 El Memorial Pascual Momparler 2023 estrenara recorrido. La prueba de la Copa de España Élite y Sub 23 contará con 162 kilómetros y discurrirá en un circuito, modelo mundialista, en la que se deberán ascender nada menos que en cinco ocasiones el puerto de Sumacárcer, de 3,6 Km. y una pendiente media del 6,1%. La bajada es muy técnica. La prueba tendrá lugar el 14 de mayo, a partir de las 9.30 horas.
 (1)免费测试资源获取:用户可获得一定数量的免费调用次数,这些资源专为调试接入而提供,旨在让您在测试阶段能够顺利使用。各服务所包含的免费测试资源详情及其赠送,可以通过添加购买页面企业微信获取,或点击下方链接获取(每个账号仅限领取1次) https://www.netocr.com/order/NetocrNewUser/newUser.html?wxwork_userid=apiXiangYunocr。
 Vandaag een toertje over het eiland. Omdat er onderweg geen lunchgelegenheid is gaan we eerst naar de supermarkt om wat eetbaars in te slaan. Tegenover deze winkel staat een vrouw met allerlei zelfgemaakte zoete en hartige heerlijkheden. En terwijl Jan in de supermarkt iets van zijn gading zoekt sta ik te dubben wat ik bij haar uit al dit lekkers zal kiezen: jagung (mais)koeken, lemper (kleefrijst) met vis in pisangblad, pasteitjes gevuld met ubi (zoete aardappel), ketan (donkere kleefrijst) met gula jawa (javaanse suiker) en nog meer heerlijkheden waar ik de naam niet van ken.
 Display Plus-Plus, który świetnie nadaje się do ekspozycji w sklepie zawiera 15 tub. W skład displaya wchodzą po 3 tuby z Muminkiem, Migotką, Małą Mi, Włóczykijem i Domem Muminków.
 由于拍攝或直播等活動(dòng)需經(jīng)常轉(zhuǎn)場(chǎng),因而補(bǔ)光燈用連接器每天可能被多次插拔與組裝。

══════════════════════════════

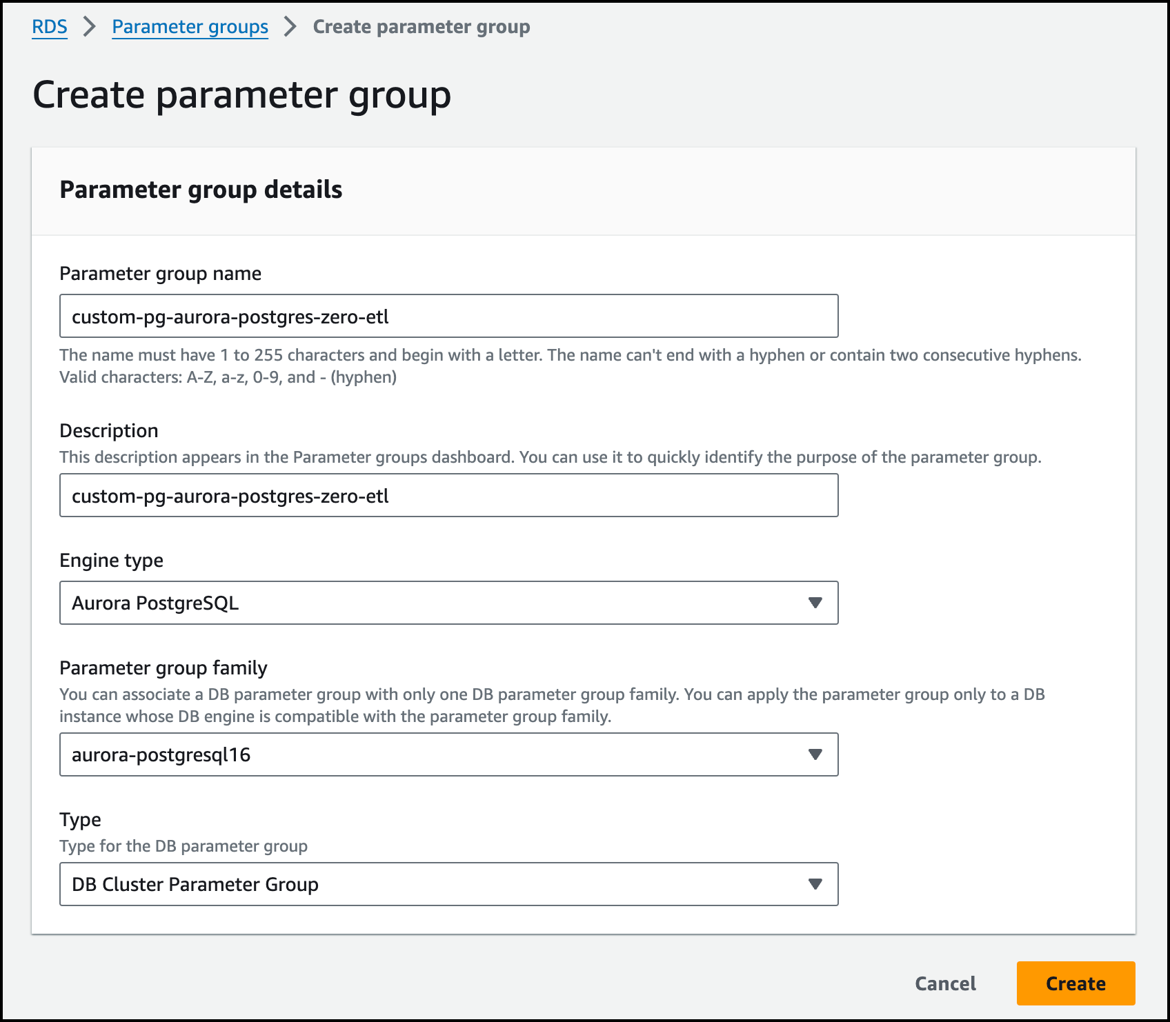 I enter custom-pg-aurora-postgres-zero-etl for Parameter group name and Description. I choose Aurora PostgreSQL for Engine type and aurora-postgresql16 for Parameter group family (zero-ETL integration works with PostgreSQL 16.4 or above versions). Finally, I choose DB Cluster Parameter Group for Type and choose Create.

══════════════════════════════

• Work required: Taking the entries above, write out exactly the lines starting with the line containing "(1)免费测试资源获取:用户" and going on through the line containing "由于拍攝或直播等活動(dòn", both included, and nothing else.

• Expected output:
 (1)免费测试资源获取:用户可获得一定数量的免费调用次数,这些资源专为调试接入而提供,旨在让您在测试阶段能够顺利使用。各服务所包含的免费测试资源详情及其赠送,可以通过添加购买页面企业微信获取,或点击下方链接获取(每个账号仅限领取1次) https://www.netocr.com/order/NetocrNewUser/newUser.html?wxwork_userid=apiXiangYunocr。
 Vandaag een toertje over het eiland. Omdat er onderweg geen lunchgelegenheid is gaan we eerst naar de supermarkt om wat eetbaars in te slaan. Tegenover deze winkel staat een vrouw met allerlei zelfgemaakte zoete en hartige heerlijkheden. En terwijl Jan in de supermarkt iets van zijn gading zoekt sta ik te dubben wat ik bij haar uit al dit lekkers zal kiezen: jagung (mais)koeken, lemper (kleefrijst) met vis in pisangblad, pasteitjes gevuld met ubi (zoete aardappel), ketan (donkere kleefrijst) met gula jawa (javaanse suiker) en nog meer heerlijkheden waar ik de naam niet van ken.
 Display Plus-Plus, który świetnie nadaje się do ekspozycji w sklepie zawiera 15 tub. W skład displaya wchodzą po 3 tuby z Muminkiem, Migotką, Małą Mi, Włóczykijem i Domem Muminków.
 由于拍攝或直播等活動(dòng)需經(jīng)常轉(zhuǎn)場(chǎng),因而補(bǔ)光燈用連接器每天可能被多次插拔與組裝。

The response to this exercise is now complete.